Prompt: In the entries below, how many lines contain the string "Gateway"? State the number and nothing else.

*** Opening Data records ***

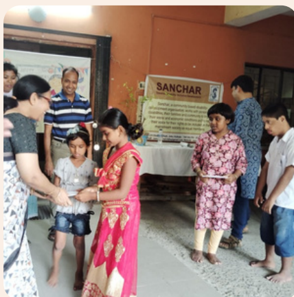
EASY SCHOOL 3- CELEBRATION AT SANCHAAAR 05.09.24
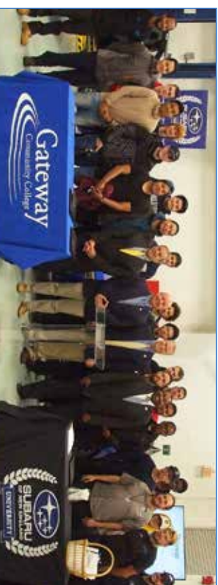
Subaru of New England and Gateway Community College co-signed an agreement to establish a Subaru University (Subaru-U) at Gateway Community College.

Also during the year, Gateway expanded an existing partnership with American Honda to begin offering the full "Honda PACT" degree and certificate program, and added the national Coalition of Certification Centers (NCC3) industry certifications in automotive diagnostics.
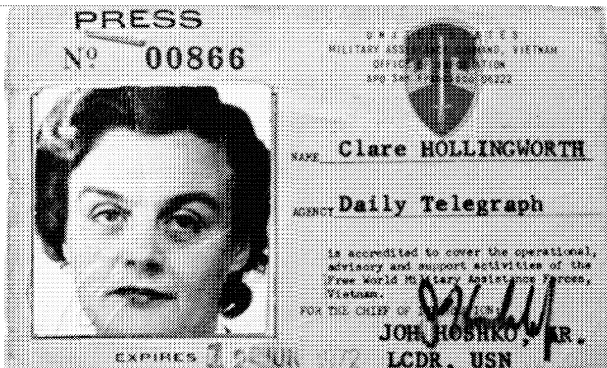
Historic example of future Paul Dacre backed system.
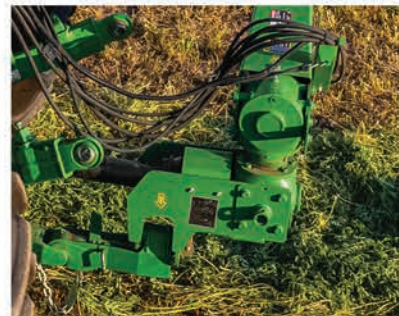
Now available on select models, a drawbar swivel hitch.
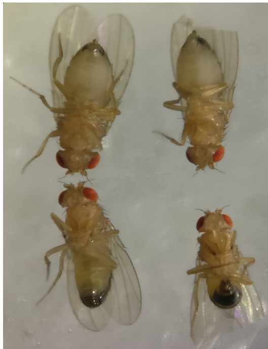
Figure 2. Adult morphology of Drosophila melanogaster . Clockwise from top left: Non-wing clipped adult female, Wing clipped adult female, Wing clipped adult male, Non-wing clipped adult female.
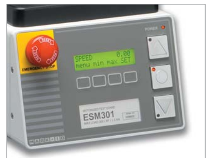
^ Digital controller contains a backlit LCD screen with menu choices for ease of setup and operation
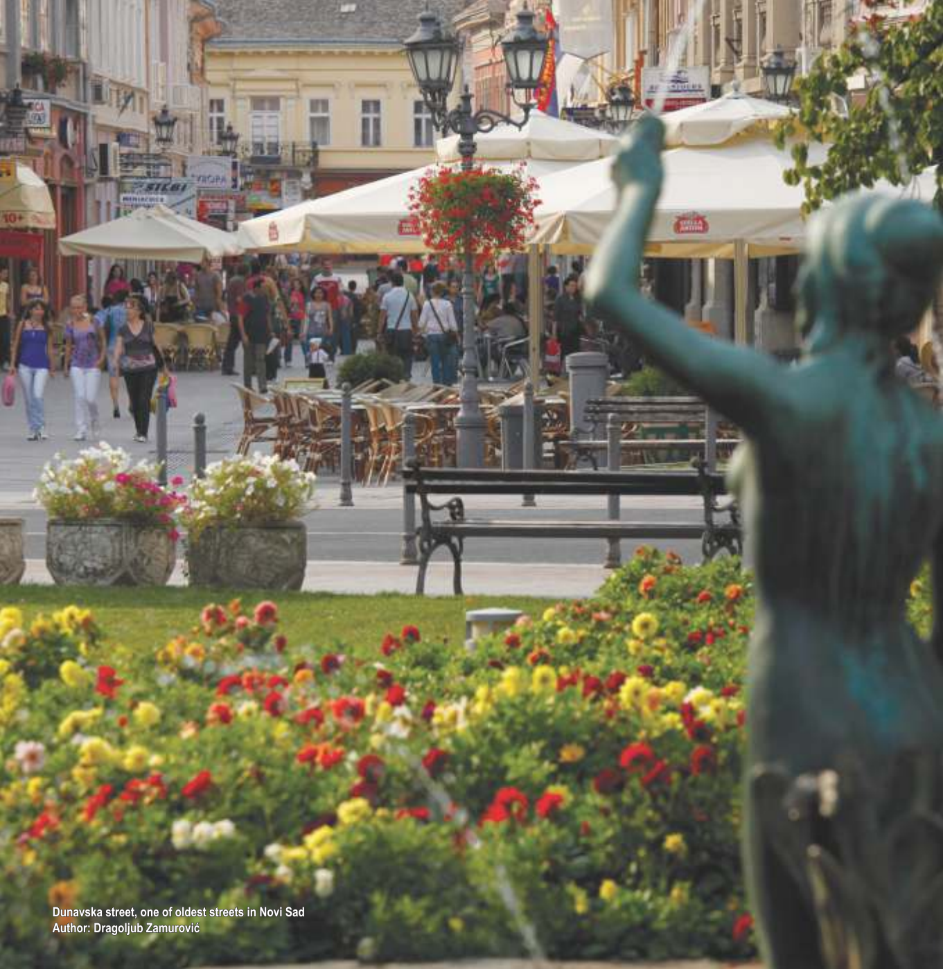
Dunavska street, one of oldest streets in Novi Sad Author: Dragoljub Zamurović
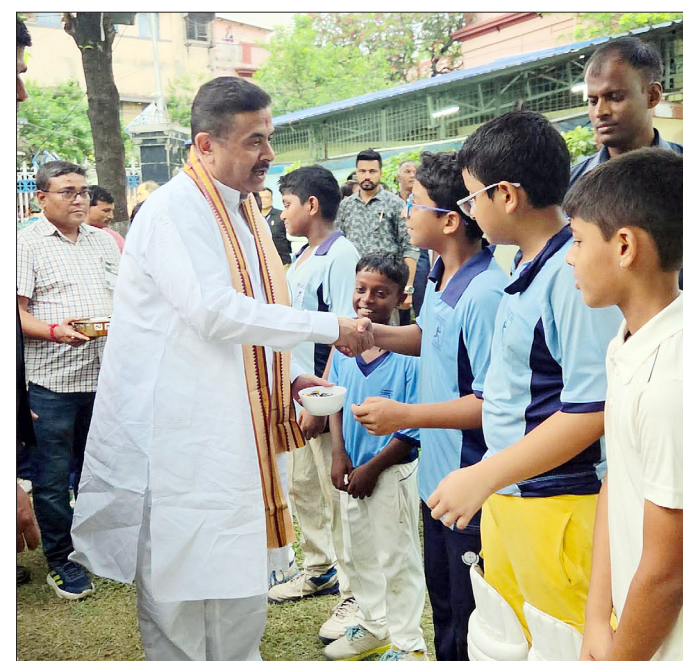
West Bengal Chief Minister Suvendu Adhikari interacts with students at Harish Park in Bhawanipore, Kolkata, on Saturday.

tices and hospital middlemen. He revealed that disciplinary action has already been taken in one such case, with an MSVP of Kolkata Medical College reportedly suspended over the referral of a critically ill patient. The Chief Minister further announced that the National Health Mission (NHM) will be fully implemented in West Bengal from this year. The Government of India has allocated 2,103 crore to the state under the scheme, of which 527 crore has already been released. In addition, West Bengal has received an allocation of 976 crore under the Ayushman Bharat programme. The state government plans to bring more than six crore people from 1.36 crore families under the scheme, enabling beneficiaries, including migrant workers, to access healthcare services across India. Describing the measures as transformative, Adhikari also announced that 467 Pradhan Mantri Jan Aushadhi Kendras will be opened. New medical colleges will be established in Alipurduar, Kalimpong, Dakshin Dinajpur, and Paschim Bardhaman, ensuring that every district in West Bengal has access to medical college facilities and advanced healthcare infrastructure.
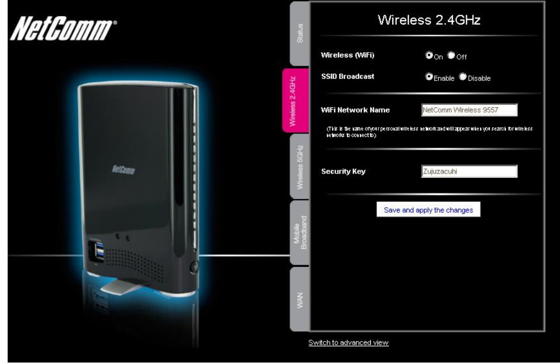
Figure 11: Basic View – 2.4 GHz Wireless

This page allows you to configure basic 2.4 GHz WiFi settings for this device such as enabling/disabling the 2.4 GHz WiFi functionality, changing the 2.4 GHz Wireless Network Name (SSID) or the 2.4 GHz Wireless Security key. If you make any changes to the settings, click the "Save and apply changes" button to make these changes active.
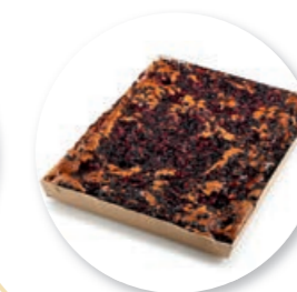
Almond Fruitcake Red Fruits 385 x 280 x 32 mm / 2300 g Ref. 0404 * -18°
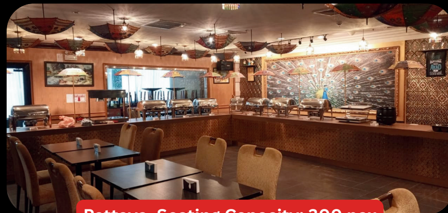
Pattaya, Seating Capacity: 300 pax
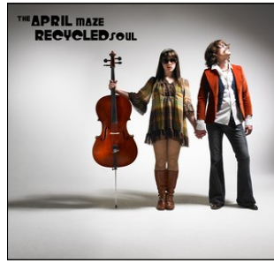
April Maze Main Stage Fri 9pm
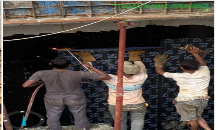
Tank slab shuttering on 22-11-24
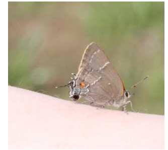
Juniper Hairstreak (above) and White M Hairstreak (below)

*** Closing Data records ***

Response for this exercise: 2